* **ACTION ITEM**
Find "从甲骨上奔腾的形影,到诗词中" and "столбов определенной длины" in the records below. Copy the lines holding them and every line between, exactly, and no others.

* **INFORMATION SUPPLIED**
────

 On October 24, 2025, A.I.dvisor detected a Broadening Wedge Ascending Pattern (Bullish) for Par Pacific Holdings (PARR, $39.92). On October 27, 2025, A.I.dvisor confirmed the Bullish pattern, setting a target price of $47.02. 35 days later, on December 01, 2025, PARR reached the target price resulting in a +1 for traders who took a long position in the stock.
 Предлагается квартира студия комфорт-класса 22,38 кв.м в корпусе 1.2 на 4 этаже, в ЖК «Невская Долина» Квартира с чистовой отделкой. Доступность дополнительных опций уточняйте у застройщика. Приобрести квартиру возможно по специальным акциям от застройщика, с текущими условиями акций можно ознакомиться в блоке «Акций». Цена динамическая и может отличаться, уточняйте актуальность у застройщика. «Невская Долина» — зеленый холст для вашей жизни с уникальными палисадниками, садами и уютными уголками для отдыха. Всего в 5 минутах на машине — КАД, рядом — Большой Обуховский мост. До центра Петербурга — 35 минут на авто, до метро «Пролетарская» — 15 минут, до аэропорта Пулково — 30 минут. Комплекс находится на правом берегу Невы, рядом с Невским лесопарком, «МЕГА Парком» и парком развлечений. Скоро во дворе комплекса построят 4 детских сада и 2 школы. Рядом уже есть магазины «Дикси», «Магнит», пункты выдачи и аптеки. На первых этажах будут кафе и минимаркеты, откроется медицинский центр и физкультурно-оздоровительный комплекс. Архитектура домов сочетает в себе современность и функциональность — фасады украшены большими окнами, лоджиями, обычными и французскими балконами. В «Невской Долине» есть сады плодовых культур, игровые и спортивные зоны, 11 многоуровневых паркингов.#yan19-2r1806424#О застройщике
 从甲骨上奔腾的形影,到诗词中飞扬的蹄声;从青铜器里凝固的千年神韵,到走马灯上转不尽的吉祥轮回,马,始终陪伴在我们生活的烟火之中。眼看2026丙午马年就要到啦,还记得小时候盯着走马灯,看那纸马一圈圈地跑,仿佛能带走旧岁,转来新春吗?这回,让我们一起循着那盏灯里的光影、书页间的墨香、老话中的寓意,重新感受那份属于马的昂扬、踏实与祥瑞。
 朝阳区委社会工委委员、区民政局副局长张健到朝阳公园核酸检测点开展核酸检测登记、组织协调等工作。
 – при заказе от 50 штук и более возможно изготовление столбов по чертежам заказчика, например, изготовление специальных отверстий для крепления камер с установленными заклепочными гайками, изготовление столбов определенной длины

────

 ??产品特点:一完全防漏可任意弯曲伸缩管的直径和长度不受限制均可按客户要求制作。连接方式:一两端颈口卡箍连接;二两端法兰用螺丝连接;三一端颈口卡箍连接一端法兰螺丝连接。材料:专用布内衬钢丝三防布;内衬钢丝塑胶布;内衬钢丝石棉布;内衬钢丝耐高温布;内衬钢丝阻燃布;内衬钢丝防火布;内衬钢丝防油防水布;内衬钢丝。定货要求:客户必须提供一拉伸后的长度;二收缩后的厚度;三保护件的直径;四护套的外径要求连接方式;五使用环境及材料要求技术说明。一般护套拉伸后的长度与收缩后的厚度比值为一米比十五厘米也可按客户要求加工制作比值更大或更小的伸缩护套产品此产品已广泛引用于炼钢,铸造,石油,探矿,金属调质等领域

────

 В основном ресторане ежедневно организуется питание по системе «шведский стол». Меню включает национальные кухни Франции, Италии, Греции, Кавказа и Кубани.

────

* **SOLVED PROBLEM**
 从甲骨上奔腾的形影,到诗词中飞扬的蹄声;从青铜器里凝固的千年神韵,到走马灯上转不尽的吉祥轮回,马,始终陪伴在我们生活的烟火之中。眼看2026丙午马年就要到啦,还记得小时候盯着走马灯,看那纸马一圈圈地跑,仿佛能带走旧岁,转来新春吗?这回,让我们一起循着那盏灯里的光影、书页间的墨香、老话中的寓意,重新感受那份属于马的昂扬、踏实与祥瑞。
 朝阳区委社会工委委员、区民政局副局长张健到朝阳公园核酸检测点开展核酸检测登记、组织协调等工作。
 – при заказе от 50 штук и более возможно изготовление столбов по чертежам заказчика, например, изготовление специальных отверстий для крепления камер с установленными заклепочными гайками, изготовление столбов определенной длины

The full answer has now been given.